Prince Norodom Yuveneath is carried past the Royal Palace

THE Royal oxen weren't that thirsty. During the annual ploughing ceremony on May 14, when presented with their traditional array of food and drink, the beasts chose mainly to eat. According to astrologers, the bovines predicted a mixed fortune for the next year: no rain, but no war.

One of Cambodia's most important traditional events, the ploughing ceremony is held at the beginning of the rainy season during the lunar month of Pisak, falling in early- to mid-May. The event is meant to dedicate and forecast - through the oxen's choice of refreshments - the oncoming year's agricultural production.

Queen Monineath presided in place of King Norodom Sihanouk this year, who chose to remain in Siem Reap.

"Whenever the King is busy, a top official represents the King to plough," said ceremony organizer Chum Ngoeun, Director of the Royal Palace Conservation Department. Taking the King's place was his son Prince Norodom Yuveneath.

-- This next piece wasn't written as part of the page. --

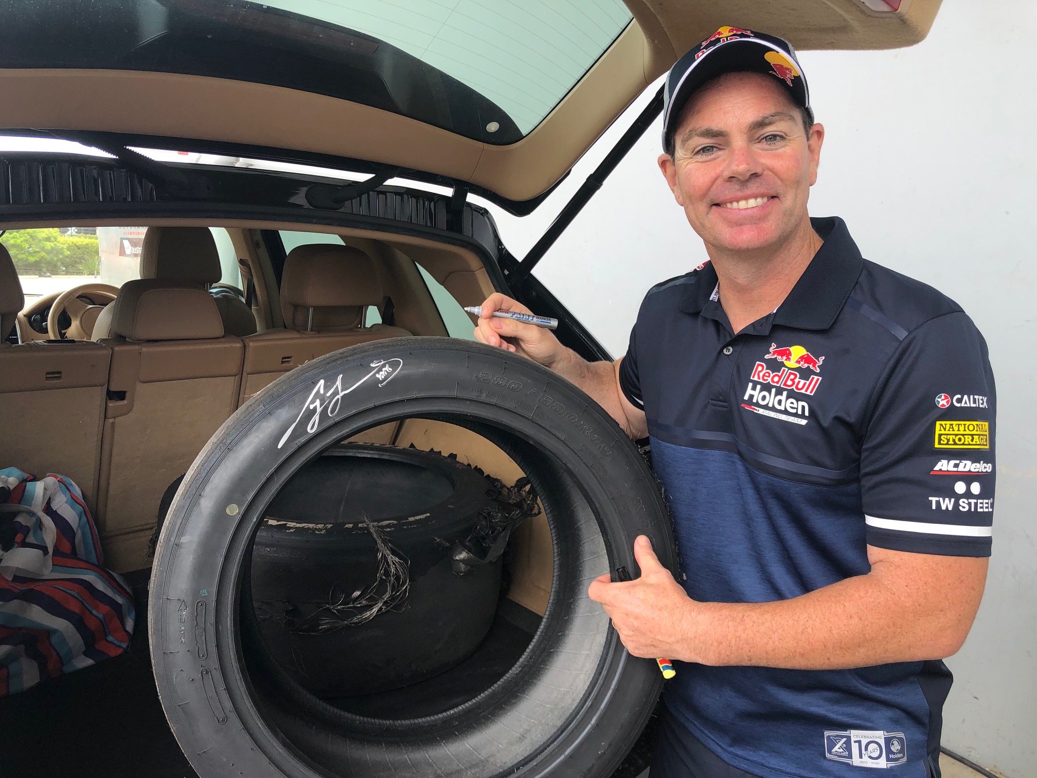 The two rear tyres off Craig Lowndes’ car from his last ever full-time Supercars championship event at Newcastle in 2018 have been offered for individual auction through Lloyds Auctions in Speedcafe.com’s monthly charity event.

As Sdech Meak (King's representative), Yuveneath enjoyed a stately palanquin ride from the Palace to the square in front of the National Museum. There he paid obeisance to the Queen and to five shrines set up for the occasion.

Three teams of oxen - guided by Tao Seng Huor, Agriculture Minister; Yuveneath; and a palace official - pulled the ceremonial ploughs through three circuits of the symbolic 'rice field', flanked by colorfully-dressed courtiers. Me Huo (the Sdech Meak's wife) followed the ploughs and scattered seeds.

Then came the moment of truth: which items would tempt the bovine palate? One animal ignored the seven trays of rice, corn, soybean, sesame, wine, water and wheat offered him and ate the regular old grass growing around his feet instead. His partner ate all the corn and soybean, 30% of the rice (though armchair witnesses found that a bit high: "That cow just pushed its snout in the rice bowl once," one said), and 10% of the sesame.

"This year the production of maize and soybean is enough for domestic use and there will also be enough to export," announced the court astrologer. He added that there would be less rain, since the oxen ignored the water. Rice and sesame crops, correspondingly, will be poor.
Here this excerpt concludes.